- Sun Jul 02, 2023 11:27 pm
#57505
Accalappiata e Tenutaria... sicuramente non un'eroina
Non sono mai voluta stare all'Oasi.
Chissà quando l'ho dimenticato?!
Da ragazzi, nella Harais, ridevamo delle finezze della vita dentro le mura, trovavamo ridicole certe comodità e certi vizi, pensavamo fosse cosa per gente con poco Vigore, meno Parsimonia e nessun cactus di senso.
Quante risate al pensare un figlio della città santa a districarsi tra i problemi di una vita nomade, con un bello sputo di lama da lavare da una tunica di seta, aah!
Con mia sorella Labwa ibn Kmal, dopo la liberazione, avevamo pensato di stabilirci sul Raya per un periodo, ma poi no, porca siccità, troppi vincoli, troppe catene.
E ce le siamo fatte mettere d'oro, poi; lei più di me.
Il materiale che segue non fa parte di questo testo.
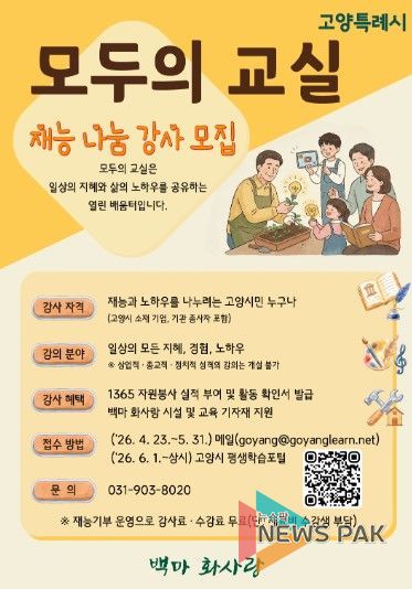 뉴스팍 배상미 기자 | 고양특례시가 올해 시민의 재능을 지역의 배움으로 연결하는 백마 화사랑 ‘모두의 교실’을 운영하며, 재능을 기부할 시민 강사를 상시 모집한다고 23일 밝혔다.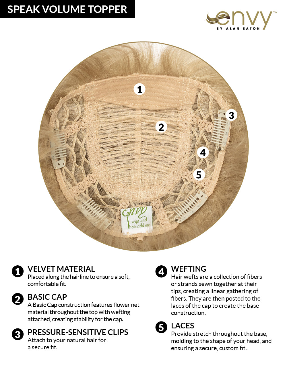 Your short “do” short on volume? Our NEW SPEAK VOLUME Topper takes it to new heights—adding solid, believable coverage in your choice of 15 multidimensional shades. With its breathable Open Top construction, this Topper provides the comfort and confidence that’ll help you breathe a little easier.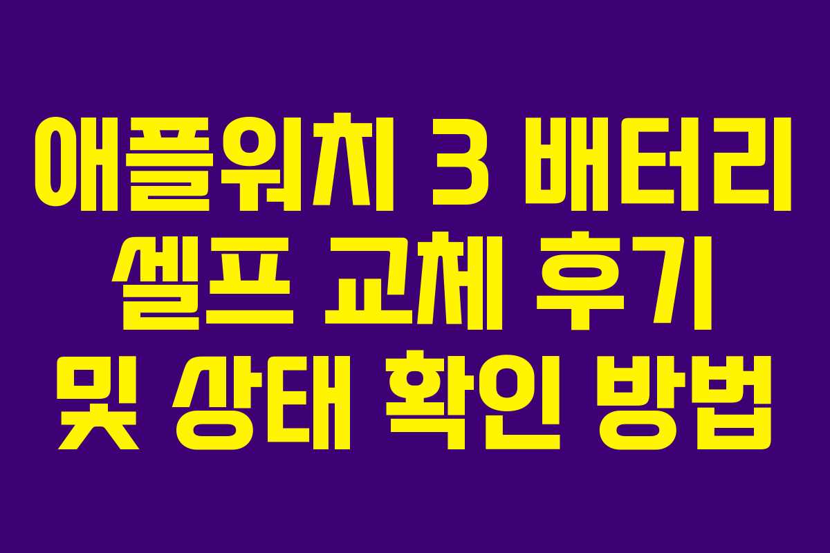 애플워치 3는 2017년에 출시된 모델로, 5년 이상 사용한 결과 배터리 성능 저하를 경험하게 되었습니다. 이번 포스트에서는 애플워치 3의 배터리를 셀프 교체한 후기를 공유하고, 배터리 상태를 확인하는 방법을 안내하겠습니다.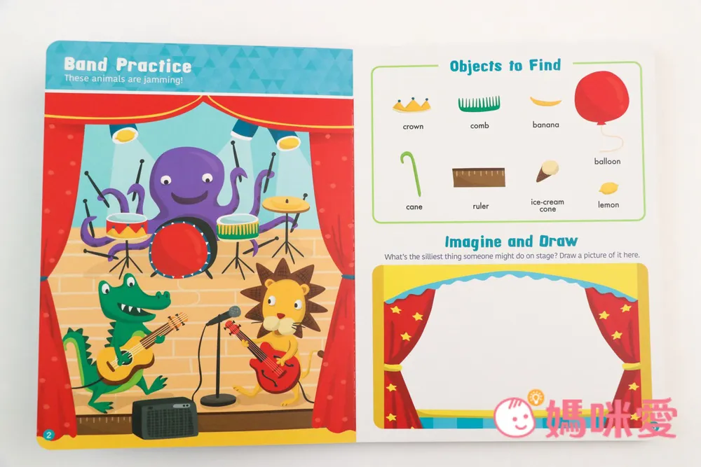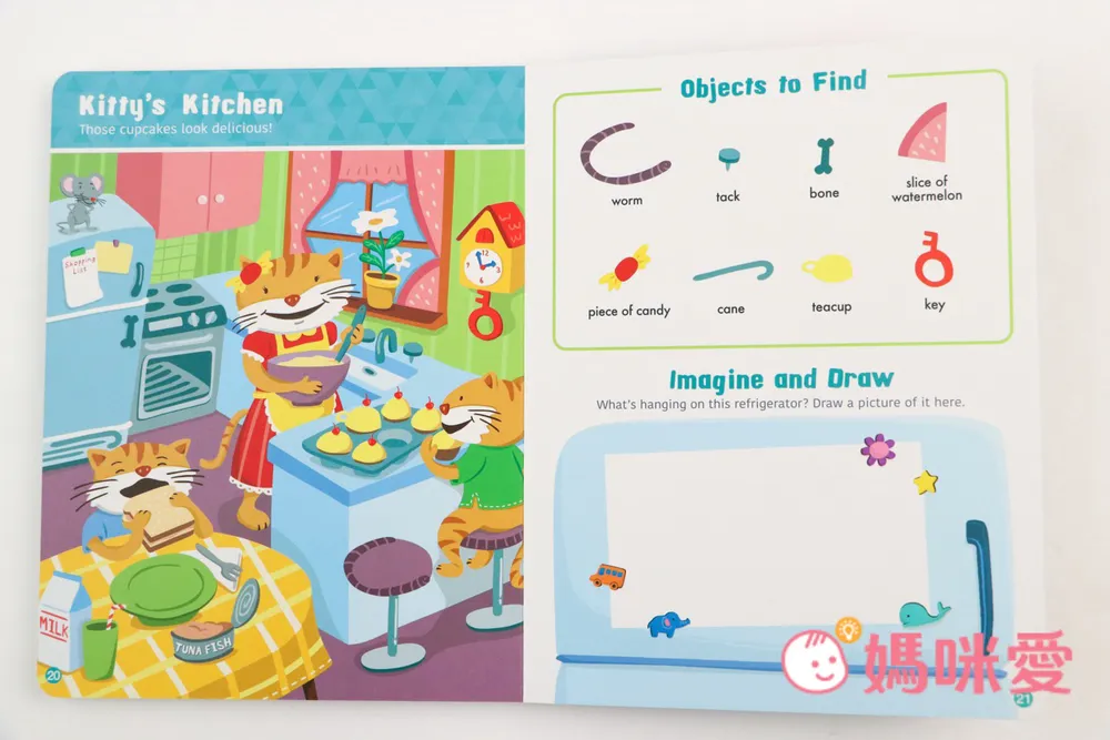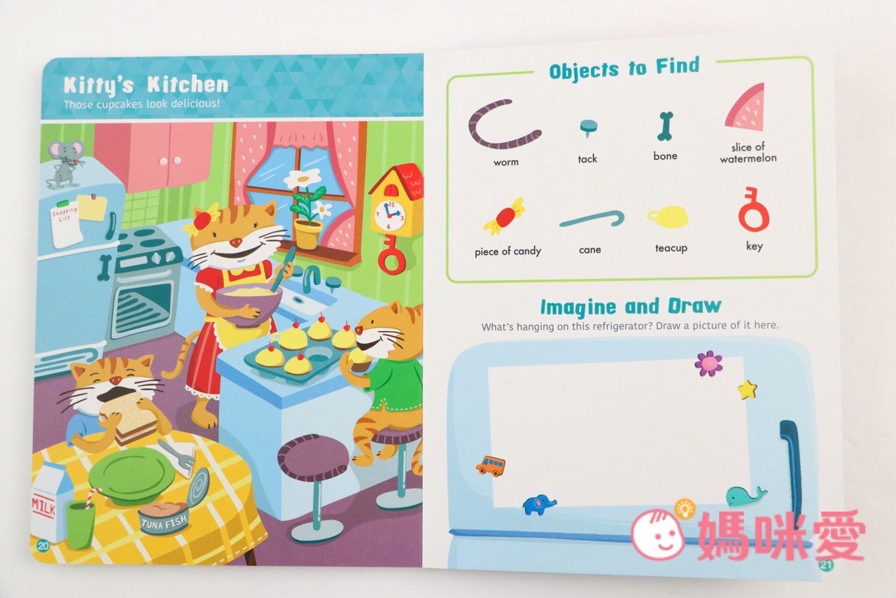 每一頁都將找找遊戲和單字學習融合,將物件隱藏在複雜有挑戰性的圖畫之中,小朋友們必須要運用自己的問題解決能力、細節觀察力和想像力,一邊找出物件,一邊認識英文單字!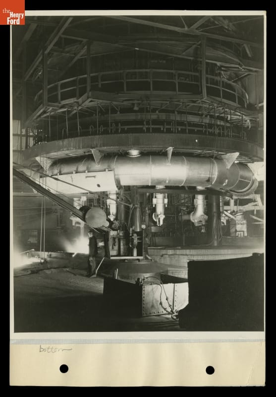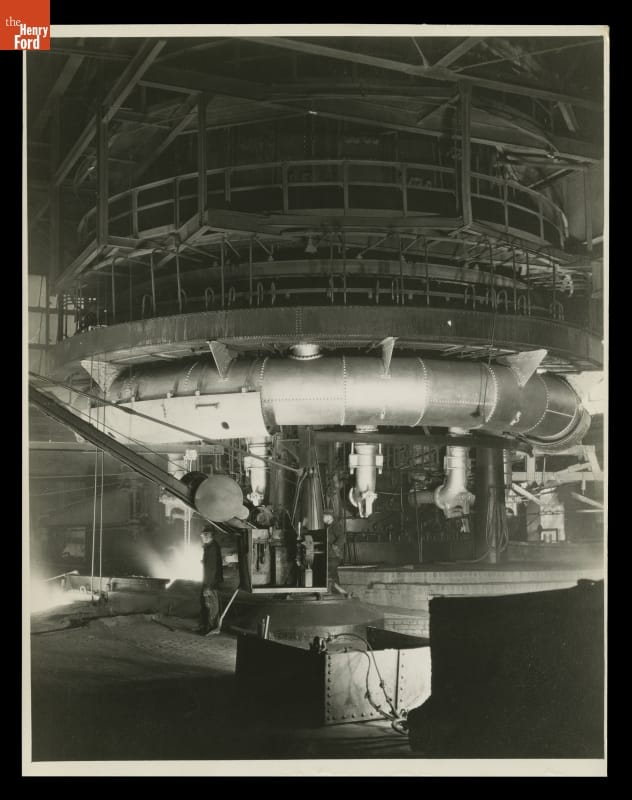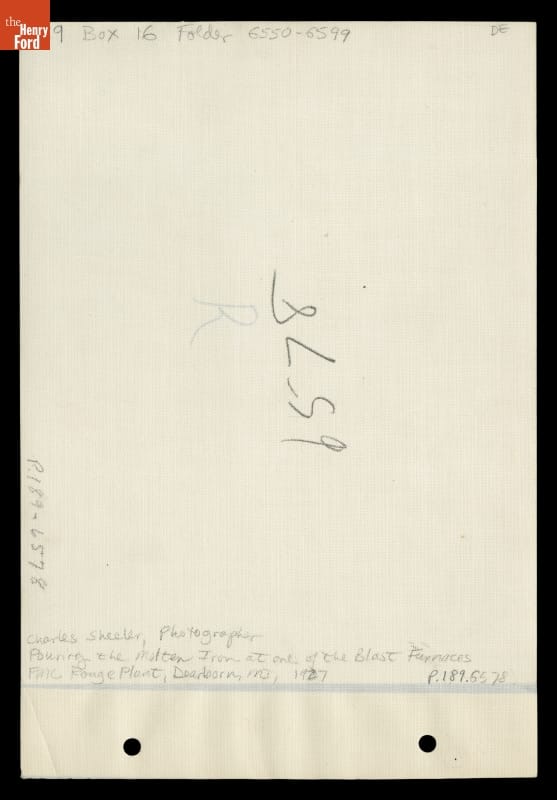 In 1927 Ford Motor Company commissioned Charles Sheeler to do a series of documentary photographs of its River Rouge industrial complex near Dearborn, Michigan. This photograph shows a blast furnace cast house. The bustle pipe, used to blast hot air into the furnace, encircles the base. Sheeler captures the breathtaking moment when the brightly shining molten metal illuminates the interior.

Così eccomi qui, a considerare se le tende sono abbastanza blu o aguardar le ha troppo stinte per tenerle ancora; se non è il caso di aumentare il prezzo dei narghilè al Bordello; se sto uscendo con la giusta quantità di gioielli per non fare sembrare la mia Tenda povera, ma nemmeno volgare.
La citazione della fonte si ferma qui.